The Takeover Panel has published two response statements (RS 2021/1 and RS 2022/1) following its recent consultations on various miscellaneous amendments to the Code.
The changes will take effect on Monday 13 June 2022.
The rule changes include:
- Announcement of minimum offer consideration – When a potential offeror is publicly identified, it will have to disclose any minimum price, or particular form of consideration, that it is required to offer under Rules 6 or 11 of the Code, i.e. as a result of purchases already made (and to announce if, during an offer period, it triggers a requirement to offer a prescribed level or form of consideration).
- Mandatory offers – On a mandatory offer, the bidder and its concert parties will not be permitted to acquire additional interests in target shares in the 14 days before the unconditional date (or the expiry of an acceptance condition invocation notice).
- Chain principle – A mandatory offer is required under the so-called chain principle where a person (A) acquires control of a company (B) and in doing so also acquires or consolidates control of a second company (C). In that situation, A must make an offer for Company C if the interest in shares which Company B has in Company C is “significant” in relation to Company B. In determining the significance of Company C to Company B:
- the Panel will no longer look at whether securing control of Company C “might reasonably be considered to be a significant purpose” of A acquiring control of Company B; and
- Company C will be viewed as significant to Company B if it represents more than 30% of the value of Company B. This is a reduction from the current threshold of 50%.
- Restrictions following the lapsing of an offer or a no intention to bid statement – There are minor changes to the restrictions following an offer lapsing or a bidder announcing it will not make a firm offer and the circumstances in which a bidder will be allowed to make a new offer following such a statement.

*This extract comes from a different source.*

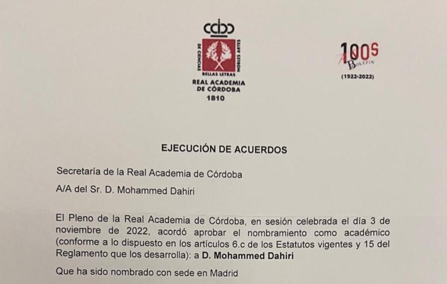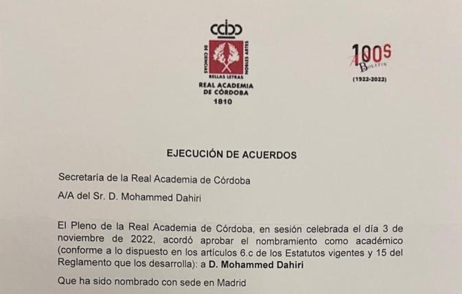 En sesión celebrada el 3 de noviembre de 2022, la “Real Academia de Ciencias, Bellas Letras y Nobles Artes de Córdoba”, que preside el Excmo. Sr. Dr. José Cosano Moyano, aprobó, por votación, el nombramiento del Dr. Mohammed Dahiri como Académico Correspondiente, en la provincia de Madrid.
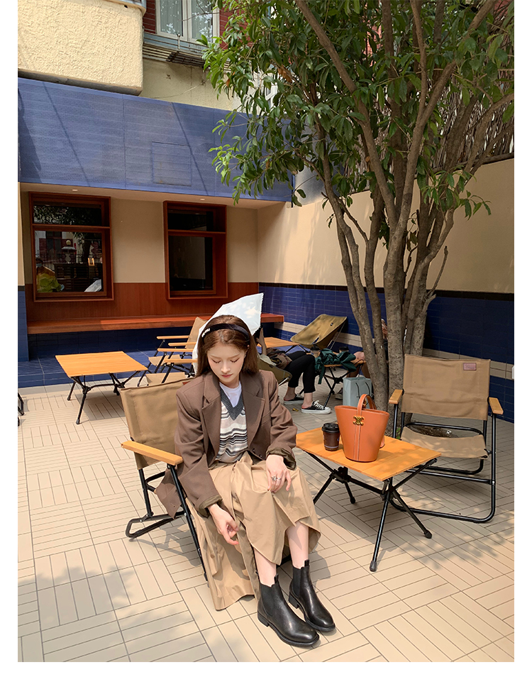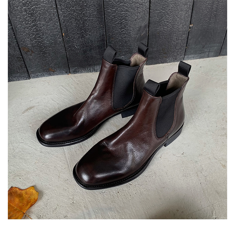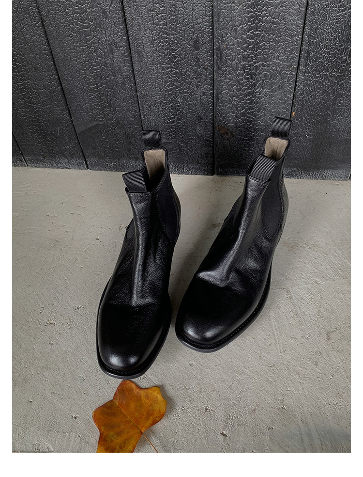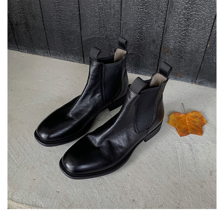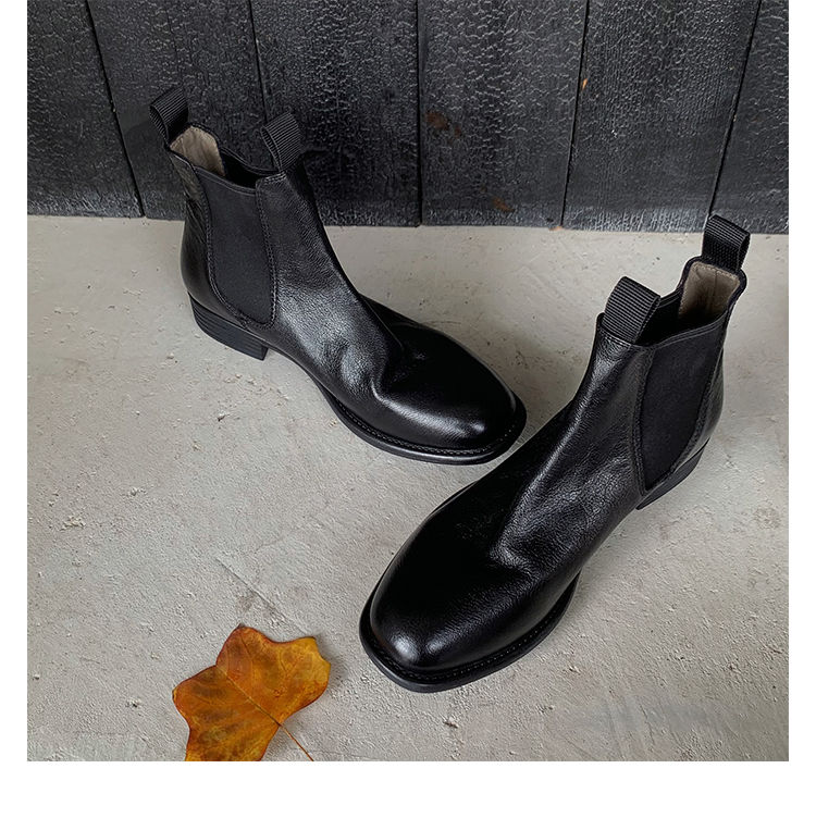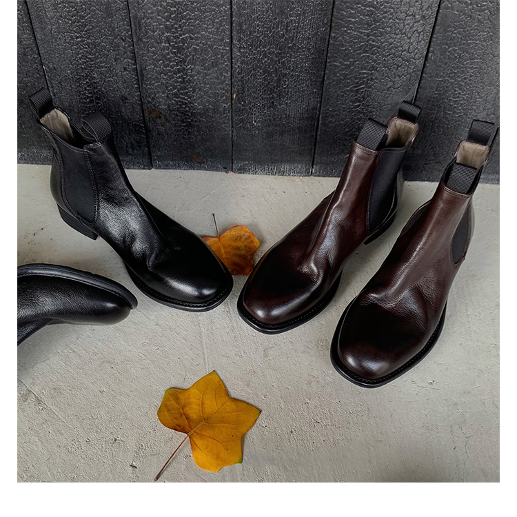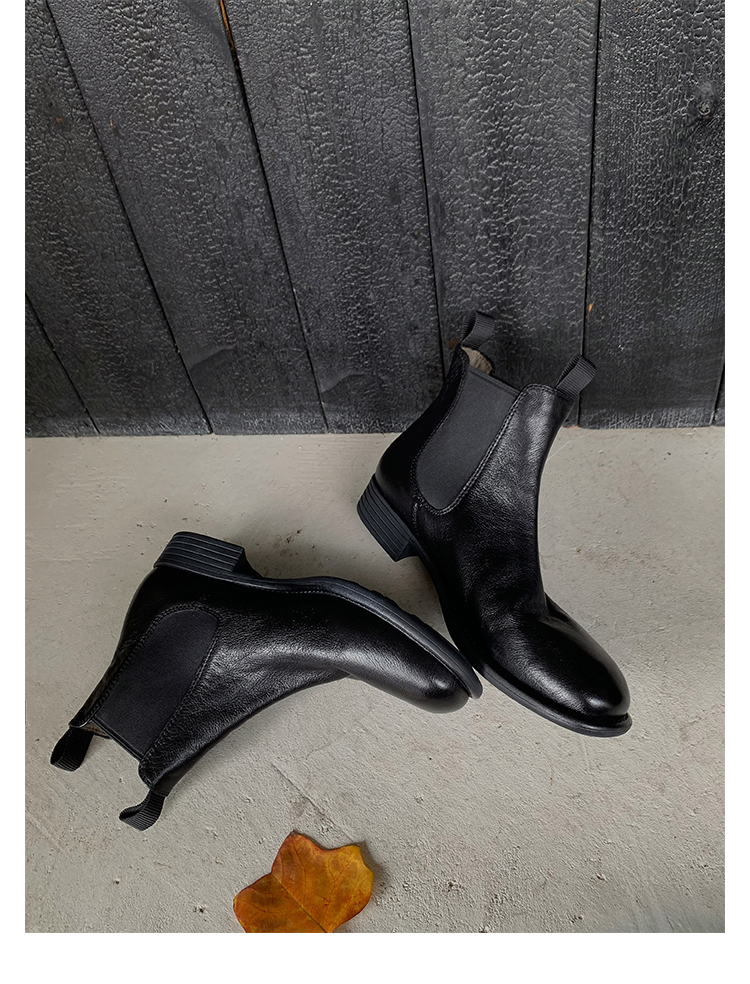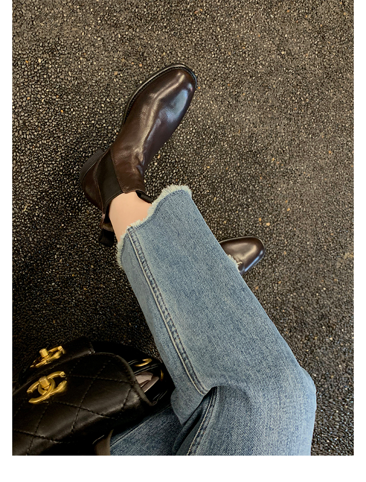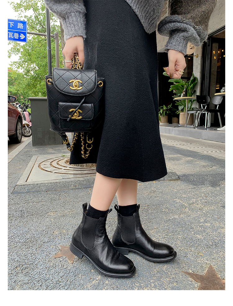 葡萄妈同款鞋意式风情褶皱时髦低筒切尔西秋冬季短靴女

- Purchases of target shares by a bidder during an offer period – The prohibition on a bidder and its concert parties acquiring target shares through an anonymous order book system, unless it can be established that the seller is not an exempt principal trader connected with the bidder, is being deleted. When the rule change comes into effect, the Panel Executive will publish a Practice Statement in relation to purchases of target shares by a bidder during an offer period.